Medicinal Chemistry Research Laboratory, SLT Institute of Pharmaceutical Sciences, Guru Ghasidas University, Bilaspur 495009, (C. G.) India
Email: harishdops@yahoo.co.in
Received: 22 Sep 2017 Revised and Accepted: 22 Jan 2018
ABSTRACT
Objective: Histone deacetylase inhibitors (HDACi) have four essential pharmacophores as cap group, connecting unit, a linker moiety and zinc binding group for their anticancer and histone deacetylase (HDAC) inhibition activity. On the basis of this fact, the objective of this research was to evaluate the exact role of pyrazole nucleus as connecting unit and its role in the development of newer HDACi.
Methods: Ligand and structure-based computer-aided drug design strategies such as pharmacophore and atom based 3D QSAR modelling, molecular docking and energetic based pharmacophore mapping have been frequently applied to design newer analogs in a precise manner. Herein, we have applied these combinatorial approaches to develop the structure-activity correlation among novel pyrazole-based derivatives.
Results: the Pharmacophore-based 3D-QSAR model was developed employing Phase module and e-pharmacophore on compound 1. This 3D-QSAR model provides fruitful information regarding favourable and unfavourable substitution on pyrazole-based analogs for HDAC1 inhibition activity. Molecular docking studies indicated that all the pyrazole derivatives bind with HDAC1 proteins and showed critical hydrophobic interaction with 5ICN and 4BKX HDAC1 proteins.
Conclusion: The outcome of the present research work clearly indicated that pyrazole nucleus added an essential hydrophobic feature in cap group and could be employed to design the ligand molecules more accurately.
Keywords: 3D-QSAR, e-pharmacophore mapping, Ligand and structure-based designing, Docking, Pyrazole analogs
© 2018 The Authors. Published by Innovare Academic Sciences Pvt Ltd. This is an open access article under the CC BY license (http://creativecommons.org/licenses/by/4.0/)

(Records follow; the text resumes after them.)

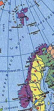 | | Карта Норвегии | Отношения России и Норвегии на протяжении веков носили мирный и добрососедский характер. Между нашими странами никогда не было прямых вооруженных конфликтов, а все возникающие недоразумения и спорные вопросы разрешались полюбовно. Однако в последние годы наши отношения все чаще омрачаются инцидентами, связанными с деятельностью обеих стран на архипелаге Шпицберген и в прилегающей морской зоне. Последним примером стал арест российских рыболовных траулеров. Де-юре архипелаг с 1920 года принадлежит Норвегии, но по условиям договора всем подписавшим его странам, в том числе и России, гарантированы равные права в отношении коммерческой деятельности на островах. Тем не менее, Норвегия ревностно охраняет свой суверенитет и болезненно воспринимает любые российские действия и инициативы, которые могут быть истолкованы как нарушение суверенных прав этого государства.Болезненность русско-норвежских «шпицбергенских» конфликтов имеет глубокие исторические и географические корни. Дело в том, что обе страны имели право претендовать на суверенитет над архипелагом. То, что окончательное решение вопроса было принято все-таки в пользу Норвегии, во многом объясняется тем, что в силу сложившихся обстоятельств (революция 1917 года и сепаратный мирный договор с Германией 1918 года) Россию фактически вывели из игры. В этой статье мы не будем касаться вопроса о том, кто был прав, а кто – виноват, а представим читателю некоторые факты из истории русской и норвежской деятельности по освоению и изучению архипелага.  | | Крест-мощевик. ХVI в. Музей «Помор», поселок Баренцбург, Шпицберген, Норвегия | До первой мировой войны архипелаг был «ничьей землей», «terra nullius». Официально считается, что архипелаг был открыт в 1596 году экспедицией голландца Виллема Баренца, ему же мы обязаны и названием «Шпицберген», что в переводе означает «острые скалы». Однако архипелаг имеет еще два имени. Норвежцы называют его «Свальбардом», «холодным краем». Это название впервые упоминается в исландских хрониках 1194 года, и норвежские ученые конца XIX века посчитали, что речь идет именно о Шпицбергене. Предположение породило гипотезу о том, что первооткрывателями архипелага были викинги, и буквально до недавних пор это мнение, не подтвержденное никакими другими источниками, имело широкое распространение в норвежской исторической и популярной литературе. Это же название официально закрепилось за архипелагом после передачи его Норвегии. Русские называли Шпицберген «Грумантом» (искажение названия «Гренландия», за которую первоначально принимали архипелаг). Современные российские ученые под руководством В.Ф. Старкова с помощью дендрохронологического метода доказали, что русские поморы начали хозяйственное освоение островов во второй половине XVI в. – то есть еще до открытия архипелага Баренцем. | | Домик полярного исследователя Русанова | Русские безраздельно господствовали на Шпицбергене до первой четверти XIX в. Приезжавшие на острова артели оставались на зимовку и для этой цели строили себе добротные деревянные жилища и даже бани. По данным норвежского геолога Адольфа Хуля (речь о нем пойдет далее) только в западной и северной части главного острова в начале XX века насчитывалось более 100 русских построек. Кроме того, поморы оставили на архипелаге боль
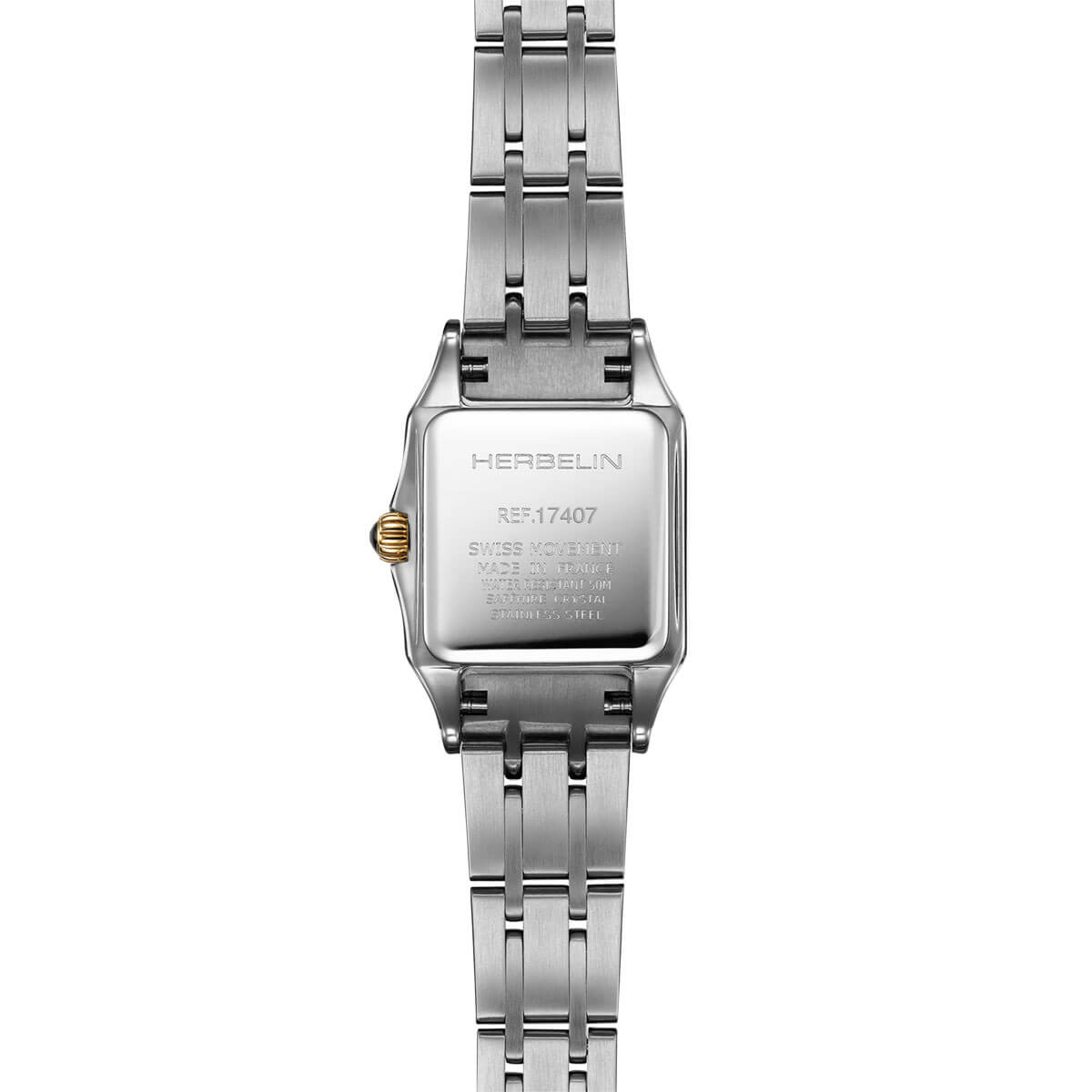 Čtvercové dámské hodinky Herbelin Luna Bicolor 17407BT08 jsou určeny ženám, které dokážou ocenit klasiku s charakterem. Nenásledují módu – stojí nad ní. Jejich obdélníkový tvar a grafické detaily tvoří design s intelektuálním výrazem, který se dokonale hodí do šatníku minimalistek, estetek i všech žen, které místo sezónních trendů volí promyšlené věci. Stříbrno-zlatá Luna je časomíra, která nekřičí – ale je vidět, že mluví s přesvědčením.
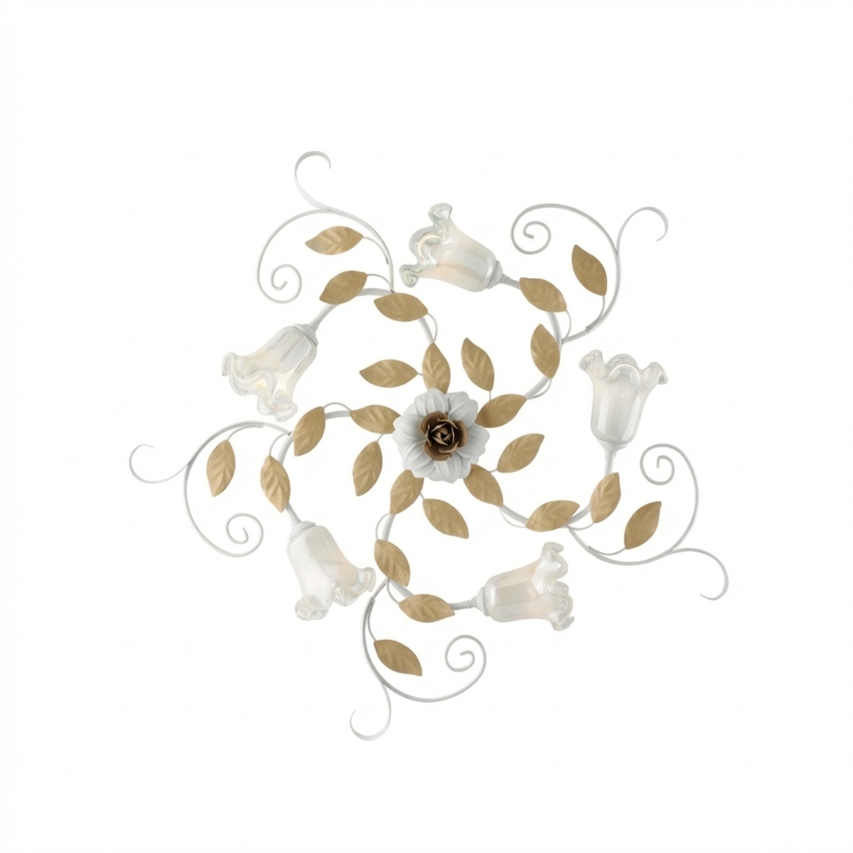 Bonetti Illumina - Cesto - Shabby Deckenleuchte aus weiß lackiertem Eisen 5 Lichter H.17 - Ø80 - BL274-PL5-BCO

DOI: http://dx.doi.org/10.22159/ijpps.2018v10i3.22735
Ligand and structure-based computer-aided drug design strategies includes several computational approaches that have been repeatedly applied to design and discover the new molecules. Practically, neither single ligand-based nor structure-based drug design strategy approach is unable to fulfil the needs of drug discovery and development [1-6]. Vorinostat (SAHA) (fig. 1) and other HDACi hamper different classes of histone deacetylases (HDACs) by interacting with the active pocket site of HDAC proteins leading to interfere with different tumor mediators. All these HDACi have four essential structural elements such as a surface recognition cap group, a connecting unit, a linker moiety and a zinc-binding domain (ZBD). The connection of aromatic cap group with linker moiety in HDACi is essential for HDAC inhibitory activity [7, 8]. The substitution of amide connecting unit of SAHA with a heterocyclic nucleus has resulted in the development of SAHA like analogs. These substituted derivatives possess HDAC inhibitory activity against a variety of HDAC classes, indicating that heterocyclic nucleus as connecting unit retains the essential characteristic required for activity [9-15]. The key intention of the present study was to apply the structure and ligand-based tactics to recognize the importance of heterocyclic connecting unit at SAHA analogs. This study consists of numerous consecutive steps such as preparation of data set, the establishment of structure-activity relationship by 3D QSAR approach, molecular docking of ligands in the active site of a protein molecule, e-pharmacophore mapping and establishment of a correlation between structure and biological activity.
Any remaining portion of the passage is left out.